Python provides a solution for this problem as well. It's the __radd__ method. It works like this: Python tries to evaluate the expression "5 + Length(3, 'yd')". First it calls int.__add__(5,Length(3, 'yd')), which will raise an exception. After this it will try to invoke Length.__radd__(Length(3, "yd"), 5). It's easy to recognize that the implementation of __radd__ is analogue to __add__:
def __radd__(self, other):
if type(other) == int or type(other) == float:
l = self.Converse2Metres() + other
else:
l = self.Converse2Metres() + other.Converse2Metres()
return Length(l / Length.__metric[self.unit], self.unit )
It's advisable to make use of the __add__ method in the __radd__ method:
def __radd__(self, other):
return Length.__add__(self,other)
The following diagram illustrates the relationship between __add__ and __radd__:
The call method
Before we will come to the __call__ method, we have to know what a callable is. In general, a "callable" is an object that can be called like a function and behaves like one. All functions are also callables. Python provides a function with the name callable. With the help of this funciton we can determine whether an object is callable or not.
The function callable returns a Boolean truth value which indicates whether the object passed as an argument can be called like a function or not. In addition to functions, we have already seen another form of callables: classes
def the_answer(question):
return 42
print("the_answer: ", callable(the_answer))
The __call__ method can be used to turn the instances of the class into callables. Functions are callable objects. A callable object is an object which can be used and behaves like a function but might not be a function. By using the __call__ method it is possible to define classes in a way that the instances will be callable objects. The __call__ method is called, if the instance is called "like a function", i.e. using brackets. The following class definition is the simplest possible way to define a class with a __call__ method.
class FoodSupply:
def __call__(self):
return "spam"
foo = FoodSupply()
bar = FoodSupply()
print(foo(), bar())
The previous class example is extremely simple, but useless in practical terms. Whenever we create an instance of the class, we get a callable. These callables are always defining the same constant function. A function without any input and a constant output "spam". We'll now define a class which is slightly more useful. We define a class with the name TriangleArea. This class has only one method, which is the __call__method. The __call__ method calculates the area of an arbitrary triangle, if the length of the three sides are given.
class TriangleArea:
def __call__(self, a, b, c):
p = (a + b + c) / 2
result = (p * (p - a) * (p - b) * (p - c)) ** 0.5
return result
area = TriangleArea()
print(area(3, 4, 5))
This program returns 6.0. This class is not very exciting, even though we can create an arbitrary number of instances where each instance just executes an unaltered __call__ function of the TrianlgeClass. We cannot pass parameters to the instanciation and the __call__ of each instance returns the value of the area of the triangle. So each instance behaves like the area function.

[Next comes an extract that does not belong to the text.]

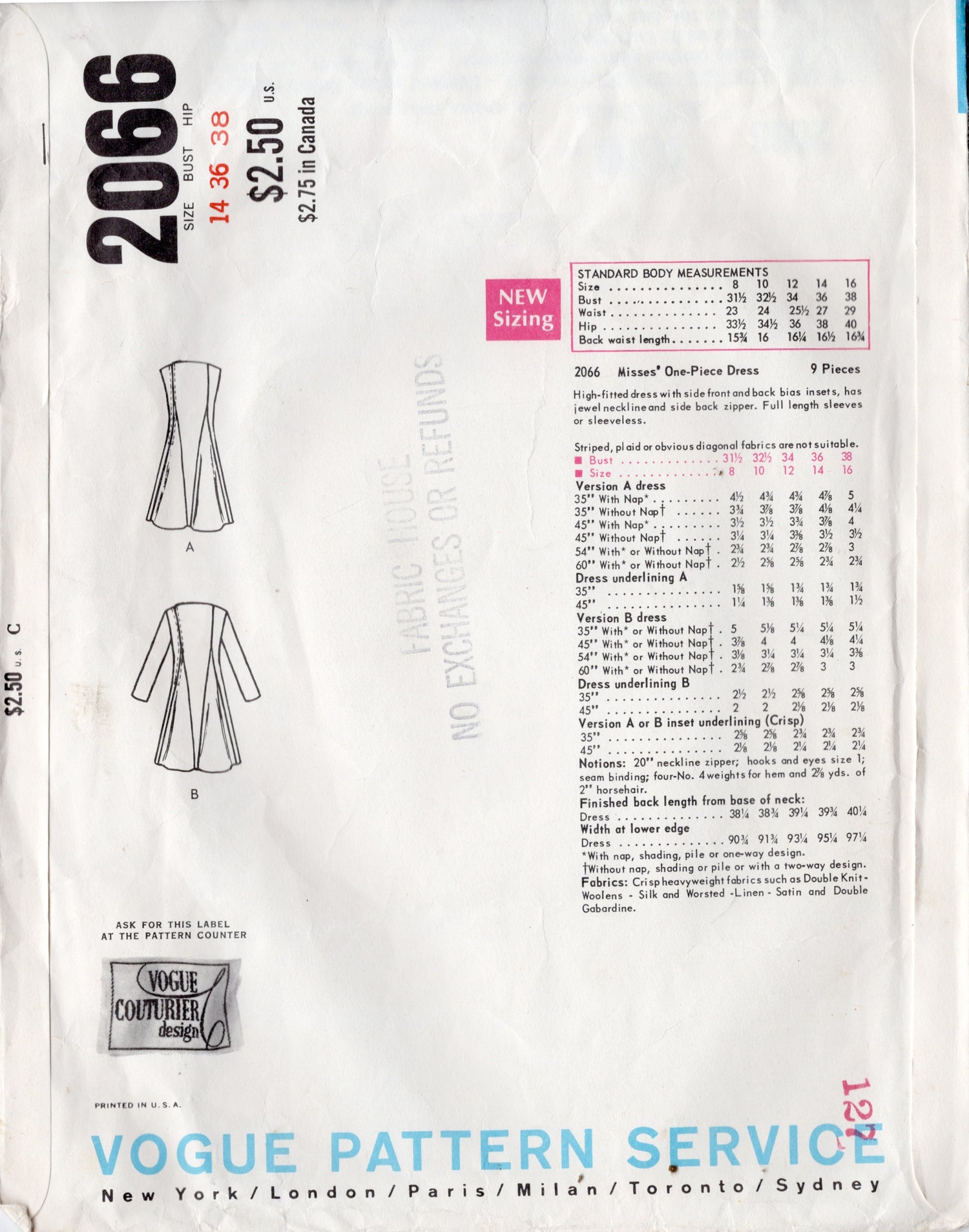 Featured in Vogue Pattern Fashion News January 1969 and Vogue Pattern Book February/March 1969
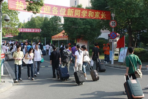 9月19日,圆顶广场中人声鼎沸,2009级新生和家长们在志愿者的引领下,有序地前往各自的班级报到注册。

After the two very didactic and not very practical examples, we want to demonstrate a more practical example with the following. We define a class that can be used to define linear equations:
class StraightLines():
def __init__(self, m, c):
self.slope = m
self.y_intercept = c
def __call__(self, x):
return self.slope * x + self.y_intercept
line = StraightLines(0.4, 3)
for x in range(-5, 6):
print(x, line(x))
We will use this class now to create some straight lines and visualize them with matplotlib:
lines = []
lines.append(StraightLines(1, 0))
lines.append(StraightLines(0.5, 3))
lines.append(StraightLines(-1.4, 1.6))
import matplotlib.pyplot as plt
import numpy as np
X = np.linspace(-5,5,100)
for index, line in enumerate(lines):
line = np.vectorize(line)
plt.plot(X, line(X), label='line' + str(index))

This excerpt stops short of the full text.